La Commission souhaite ainsi éviter un contournement massif de la trajectoire climatique. Le dispositif s’inscrit dans la continuité des normes CO2 déjà en vigueur, qui imposent aux constructeurs une réduction de 55 pour cent des émissions moyennes de leurs flottes d’ici 2030 par rapport à 2021, sous peine d’amendes pouvant atteindre plusieurs milliards d’euros. En 2023, plusieurs groupes, dont Volkswagen et Stellantis, avaient déjà alerté sur le risque de sanctions financières en cas de ventes électriques insuffisantes.

« L’industrie automobile européenne est en danger de mort »

Ce revirement intervient dans un contexte de fragilisation rapide de l’industrie automobile européenne. En 2024, la part de marché des véhicules électriques dans l’UE a stagné autour de 14 pour cent, loin des trajectoires initialement anticipées. Dans le même temps, les constructeurs chinois ont vu leurs ventes progresser de plus de 30 pour cent sur le continent, portées par des modèles moins chers et une intégration verticale des batteries.

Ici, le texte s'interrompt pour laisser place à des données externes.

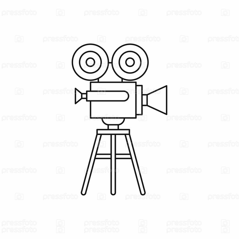 Икона ретро-кинокамеры в стиле контуры на белом фоне

« L’industrie automobile européenne est en danger de mort », avait prévenu Stéphane Séjourné au printemps. Les difficultés touchent l’ensemble de la chaîne de valeur, des équipementiers aux sites d’assemblage, avec des plans de suppressions d’emplois annoncés en Allemagne, en Italie et en Europe centrale. Selon l’ACEA, l’association des constructeurs européens, le secteur représente encore près de 13 millions d’emplois directs et indirects dans l’UE.

Batteries, préférence européenne et flottes d’entreprise

Pour accompagner cet assouplissement, Bruxelles a dévoilé un paquet de mesures industrielles. La Commission prévoit notamment 1,5 milliard d’euros de prêts à taux zéro pour soutenir la production de batteries en Europe, un segment stratégique dominé aujourd’hui par l’Asie. Plusieurs projets de gigafactories ont récemment été retardés ou redimensionnés, faute de rentabilité à court terme.

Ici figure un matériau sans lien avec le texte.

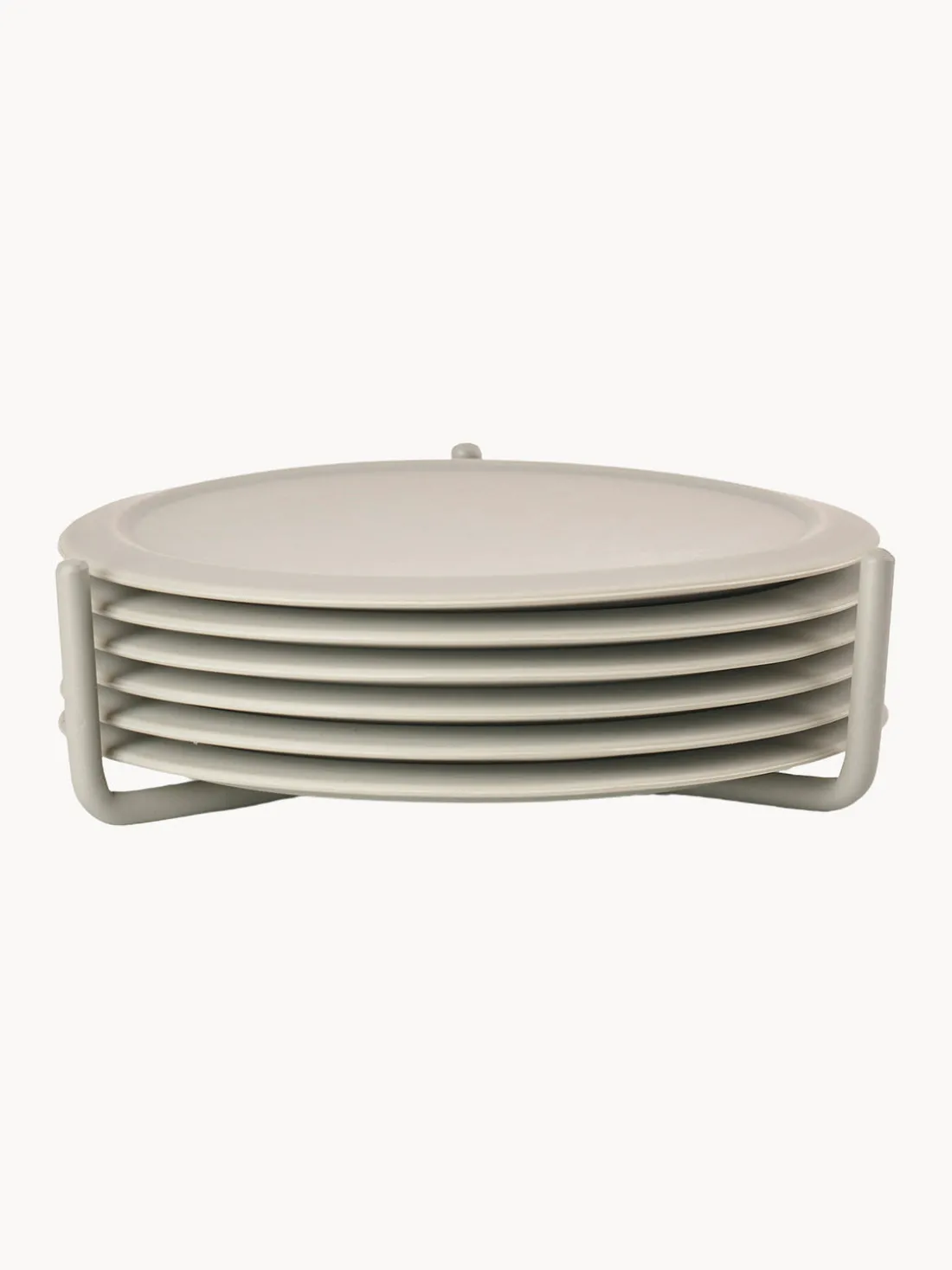 Posavasos de silicona de colores. Una colocación suave y silenciosa es la mejor manera de describir cuando pones tu vaso sobre un posavasos de silicona. Se entrega como un set de seis posavasos en un práctico soporte de metal.

L’exécutif européen entend aussi accélérer le verdissement des flottes d’entreprises, qui représentent près de 60 pour cent des immatriculations de véhicules neufs dans l’UE. Des objectifs chiffrés par pays devraient être introduits dès 2026. Bruxelles souhaite également favoriser l’émergence de petits véhicules électriques produits en Europe et renforcer les exigences de contenu local dans les chaînes de production, au nom de la préférence européenne.

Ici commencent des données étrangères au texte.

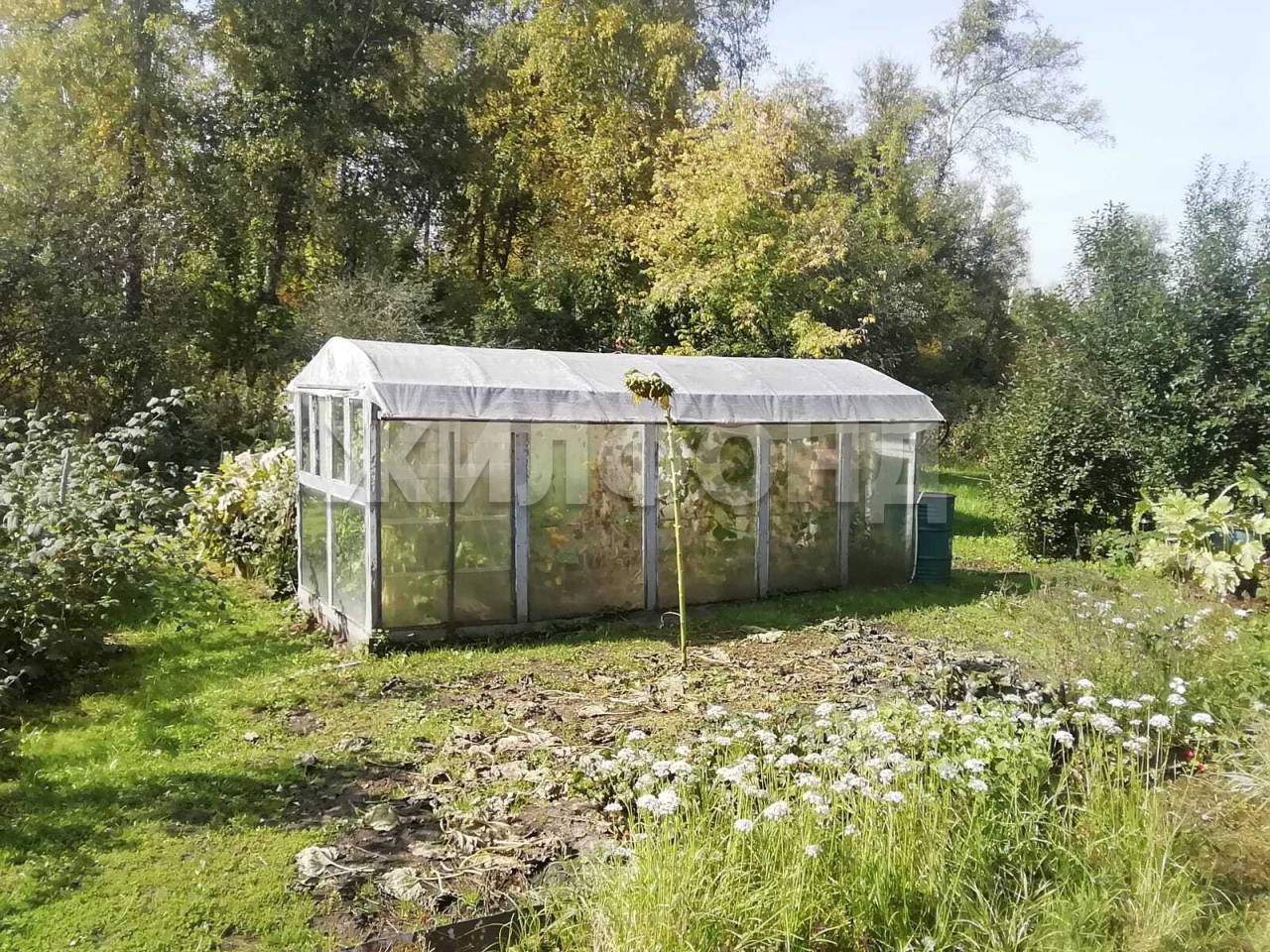 Есть плодовые деревья и кустарники. Теплица.

Des fractures politiques persistantes

Depuis des mois, la date de 2035 cristallisait les divisions entre États membres. L’Allemagne, soutenue par l’Italie et la Pologne, plaidait pour une réouverture du dossier, invoquant la protection de son industrie et de ses emplois. À l’inverse, la France et l’Espagne défendaient le maintien strict de l’interdiction, estimant qu’un recul fragiliserait les investissements déjà engagés dans l’électrique.

Les ONG environnementales dénoncent un signal brouillé. Transport & Environment évoque une « erreur stratégique » qui risque d’accroître le retard technologique de l’Europe face à la Chine. La Commission assume pourtant ce compromis, convaincue qu’un ajustement pragmatique vaut mieux qu’un objectif intenable. Derrière le débat climatique, c’est désormais la survie industrielle du premier secteur manufacturier européen qui se joue.